How come that the same 1.3 Megapixel camera is still standard on laptops since Father Christmas started riding reindeers? Why can’t we have HD cameras as standard? What happened to keypads that glow slightly in the dark? Why can’t we have dual cameras on laptops too – front and back facing with capabilities to record HD. I don’t see them as something to carry around but with video conferencing on wifi, it looks like something nice to have. Multi-touch pad is also a way to go. Too bad that Windows 7 can’t use that trick for now.

But with everyone fixated on the tablets like ants doing laps around sugar, I might have to wait a wee bit longer

CDMA, going going gone?

The last few days have seen some rumblings in the telecoms sector in Nigeria. News (234Next | Thisday | Business Day) had it that Telkom is thinking of pulling out of Multilinks, a CDMA operator, or has even left (depends on who you ask) because its investment has gone down the flush bowl.

That wasn’t news to me because they started a loser’s game right from the word go.

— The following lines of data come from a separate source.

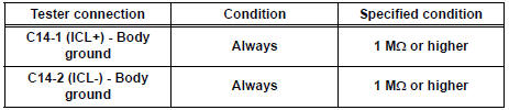 CAUTION: Never connect a tester to the curtain shield airbag assembly LH (curtain shield squib LH) for measurement, as this may lead to a serious injury due to airbag deployment.
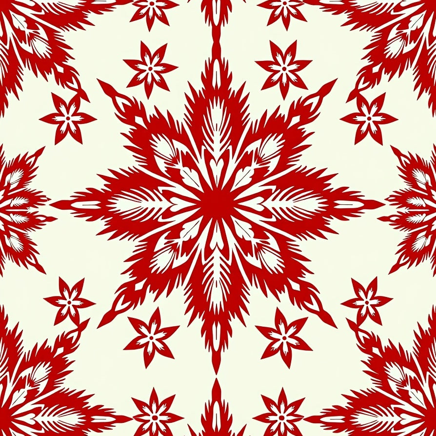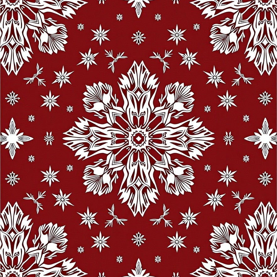 Holiday Snowflake Medallion with Festive Swirl Motifs(Red)
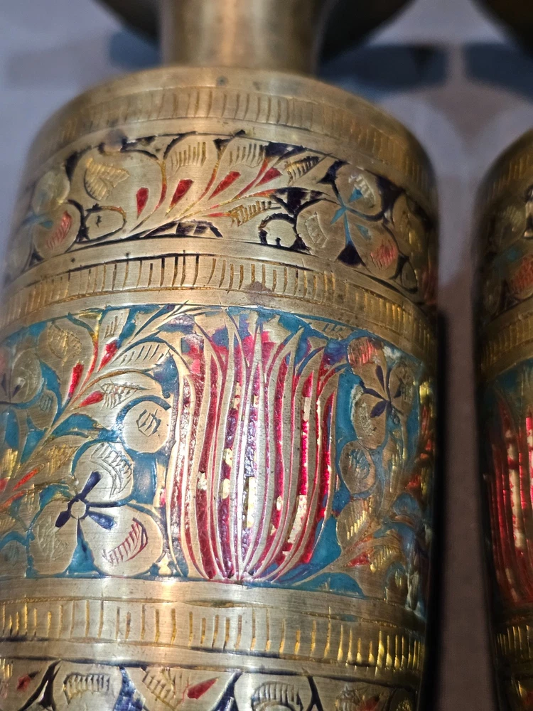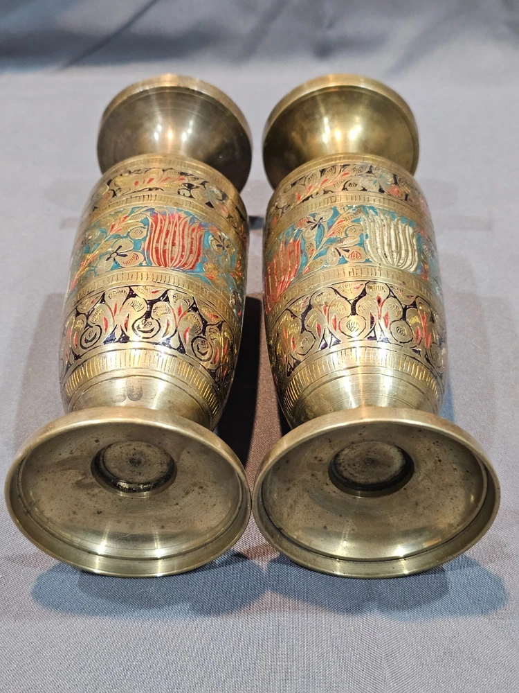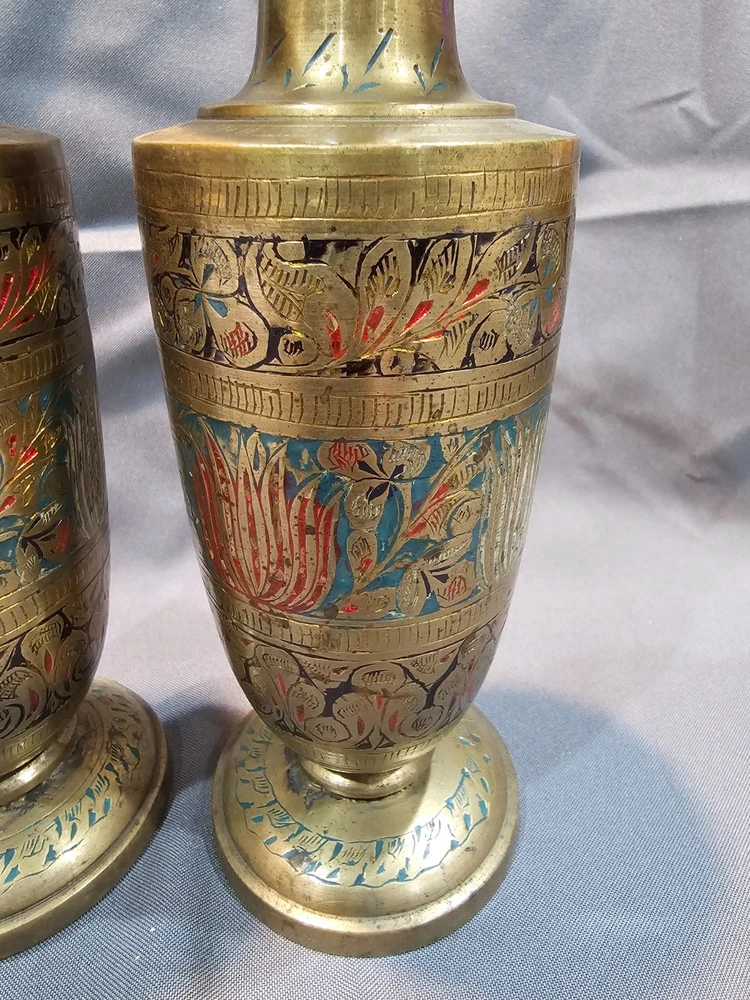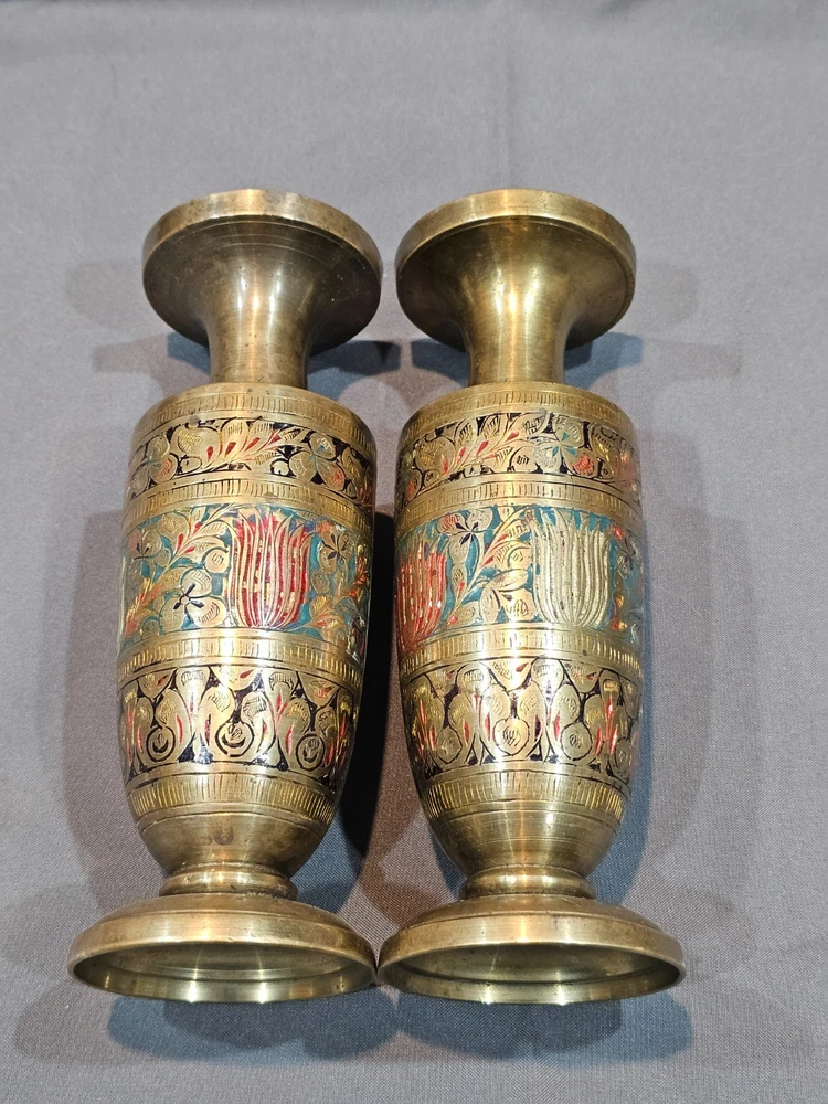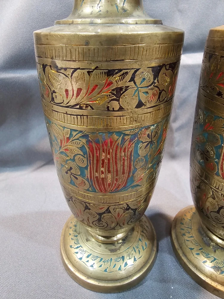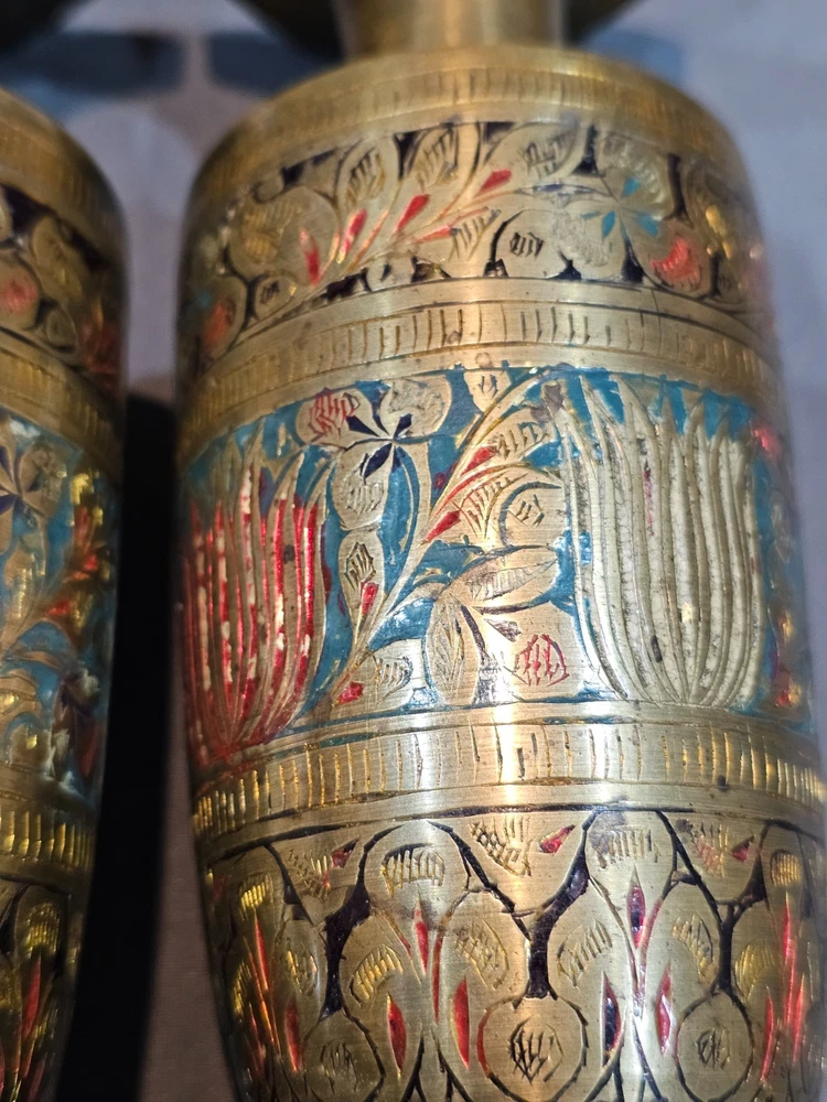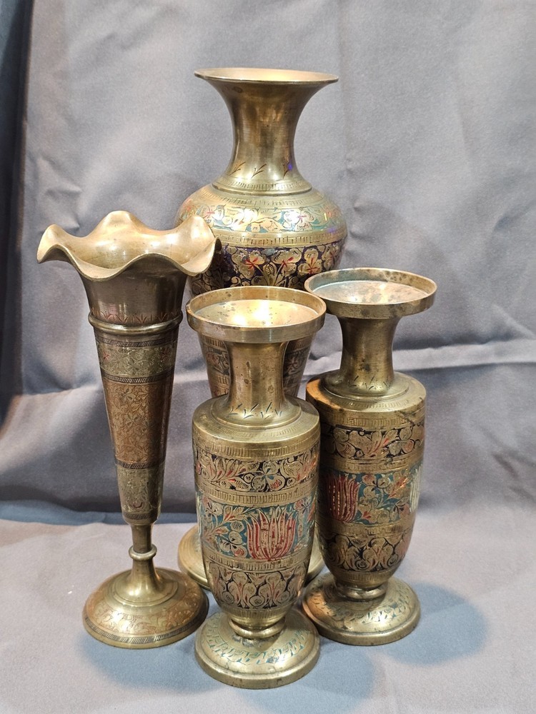 Indian Solid Brass Vase Lot of 4 with Intricate Floral Etching & Enamel Details
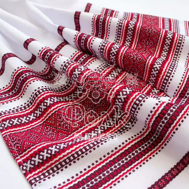 Традиційний червоний вишитий рушник, який широко використовується в українських обрядах.
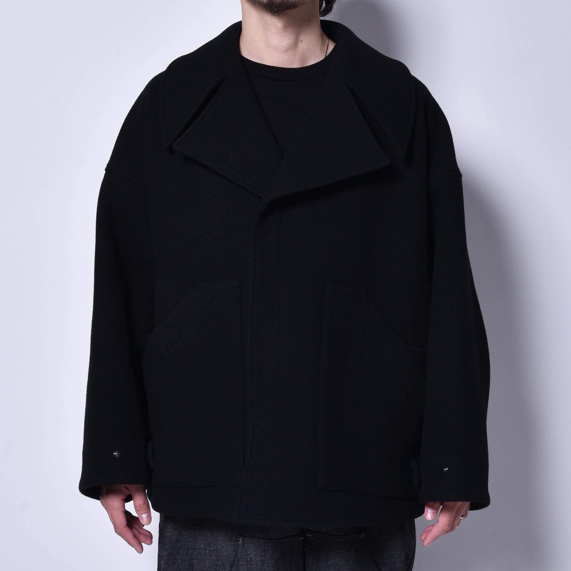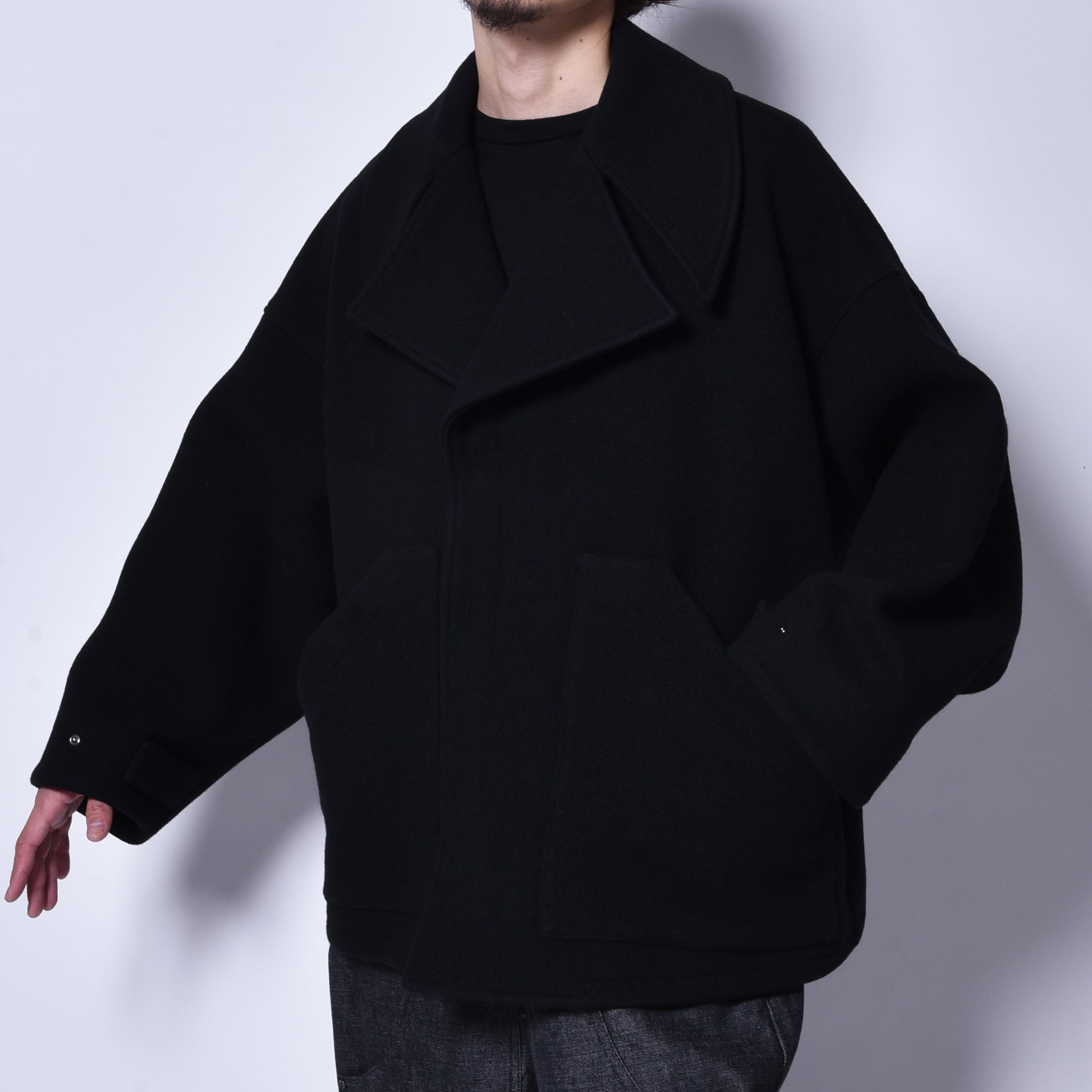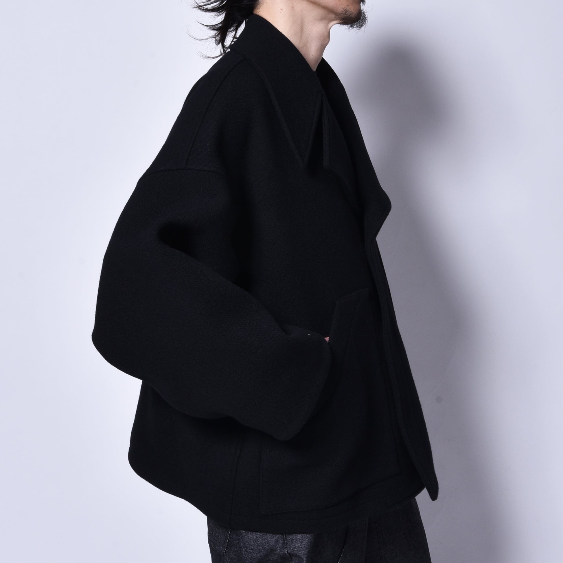 シルエットはショート丈でも身幅から肩周りの広さを計算して大きくしつつも違和感なく着用できるシルエットになります。独特のラインは生地との相性を計算して作られた最高のシルエットを実現。着用時のストレスもなく幅広い方にお勧めできる1着になります。
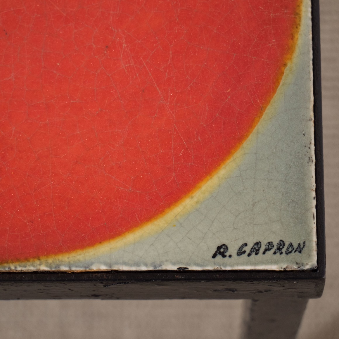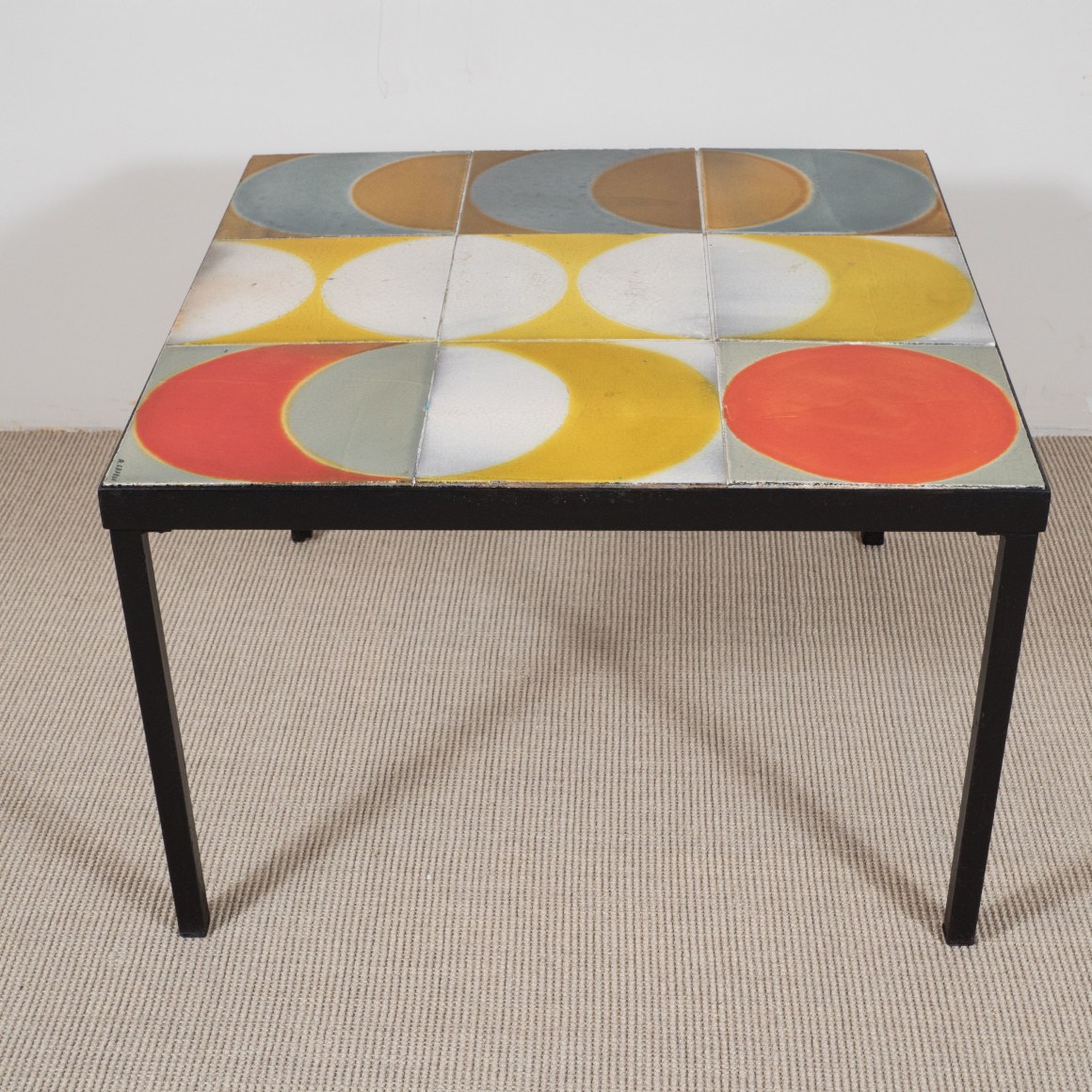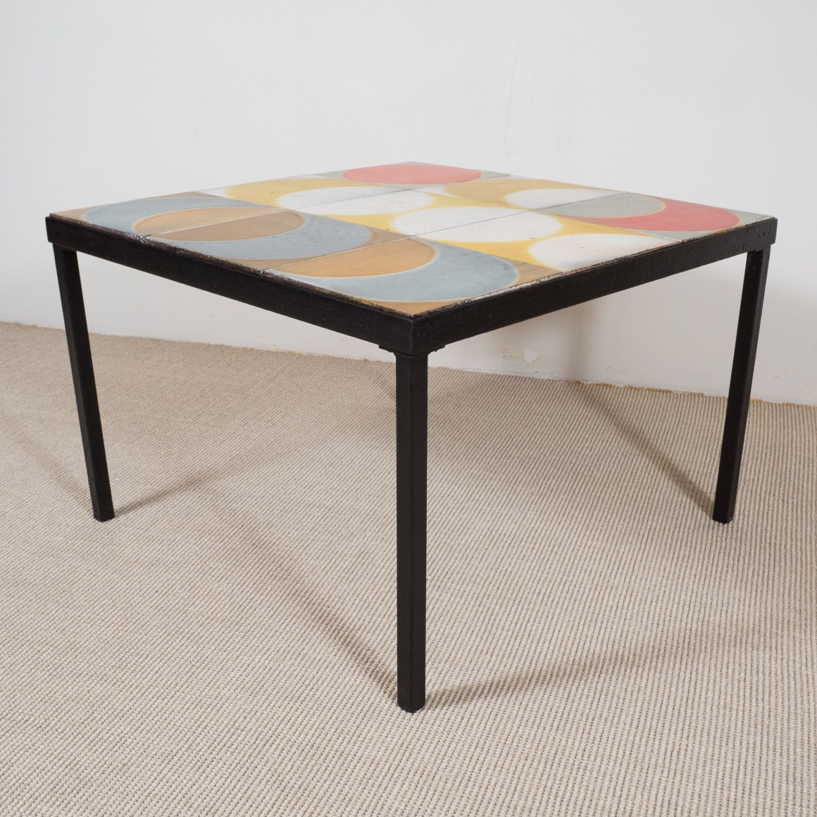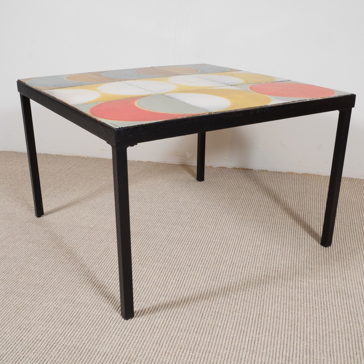 Colorful painted tile top table with iron base by Roger Capron, France c. 1950
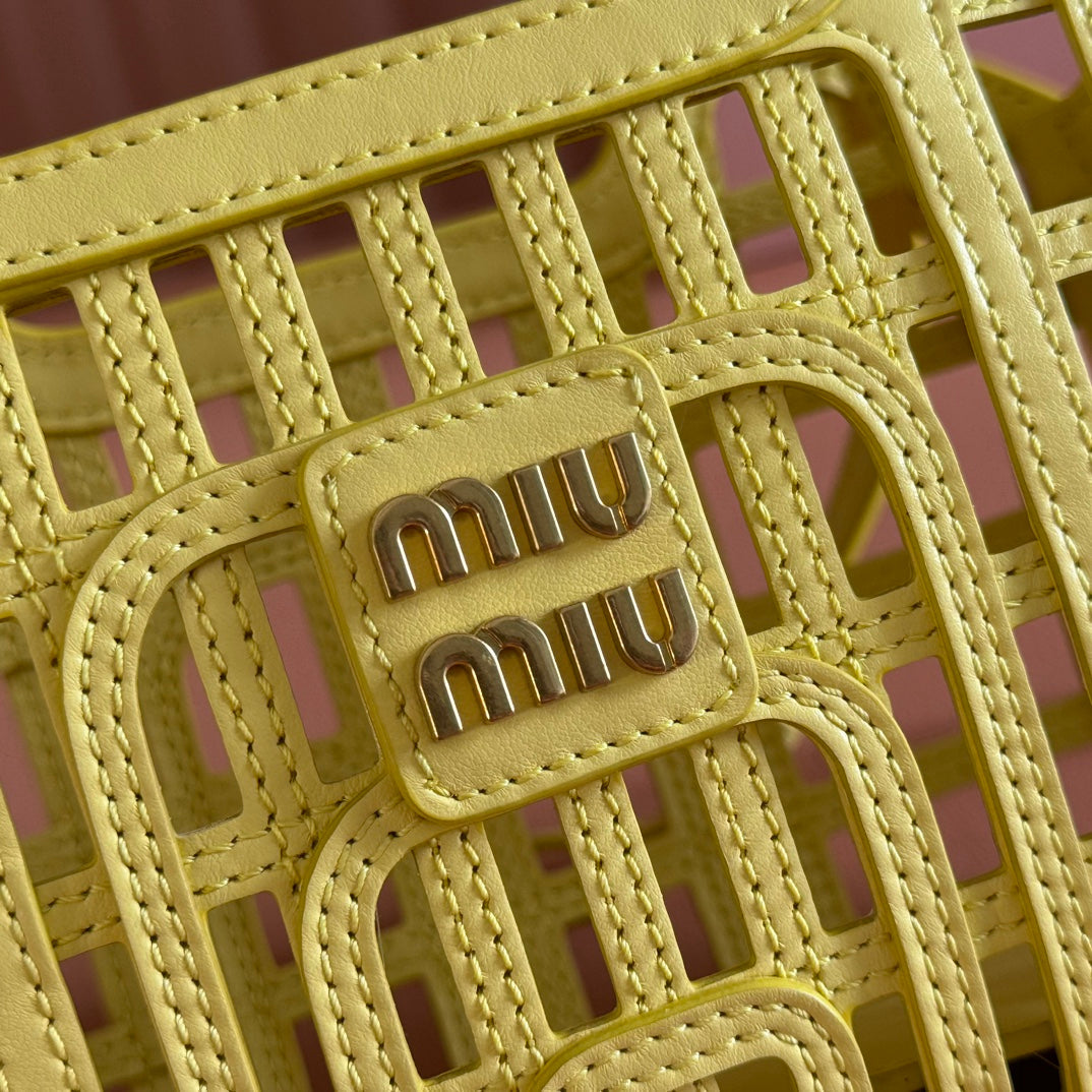 WOVEN HOLLOW BAG 24 IN LEMON YELLOW CALFSKIN

Defensive or “me too” investment is always a tragedy for any organization because it shows an obvious lack of strategic direction.

But that is for Multilinks.

Starcomms, the largest CDMA operator also pawned about 80% of its base stations to Swap Tech to offset the giganormous debt on their balance sheet.

These two stories don’t really mean much, businesses always run into trouble everywhere in the world, until everyone started saying CDMA business is bad in Nigeria. CDMA operators in Nigeria are having a tough time but the technology is not to blame. In North America, some of the largest operators use CDMA and are pretty successful. That GSM is the global dominant mobile standard points more to the strategy behind its introduction and less to the technology itself.

From my own experience there are some major faults with the CDMA operators in Nigeria that is hastily dragging them to their death.

  • One, they lack strategic directions. Considering that CDMA operators came before the GSM telcos, is their current debacle not surprising? Prior to the advent of GSM, the CDMA operators preferred to sell to the “elites”. Few had more than 30,000 lines on their switches. It was the age of mobile for the “big man”. Then GSM came, the flood gate was opened and CDMA has been playing catch up ever since
  • Two, the CDMA operators restricts customers only to the phones that they provide. And usually these are very dumb ugly phones sold for exorbitant prices. So nobody wants to use them and those who do don’t use them as their main contact phones.
  • Three, phones aside, CDMA operators lacked features and service offerings. No blackberry, you can hardly browse on your phone, etc. But then the phones were basic so even if you could, the phone wouldn’t help matters anyway. Check out their websites and see the very lame products and service offerings
  • Four, when the GSM pulled right beyond them, they went into overdrive and started competing on cost. That was the last nail. After that everything just spiraled out of control.

Telecom is a volume business and unless you have a pretty good idea of what to draw in the crowd, you can’t compete. When Visafone was launched, it was a collection of different networks and with innovative marketing, leapfrogged to the fore quickly.

Vodacom (50% owned by Telkom then) had a chance to play in the GSM space in Nigeria but curiously, their boards played it away and the opportunity passed. But to show how crazy things could be, 8 years later they paid $280M to acquire Multilinks in Nigeria. Of course, the owners were ready to bail out of a losing market then and were more than happy to sell. Even despite paying top dollars, their strategy for turnaround was at best, facing the wrong direction. Today, the rest is history.

Consolidation of the telecoms market is a reality in every country. Maybe this is our time to shed the losers.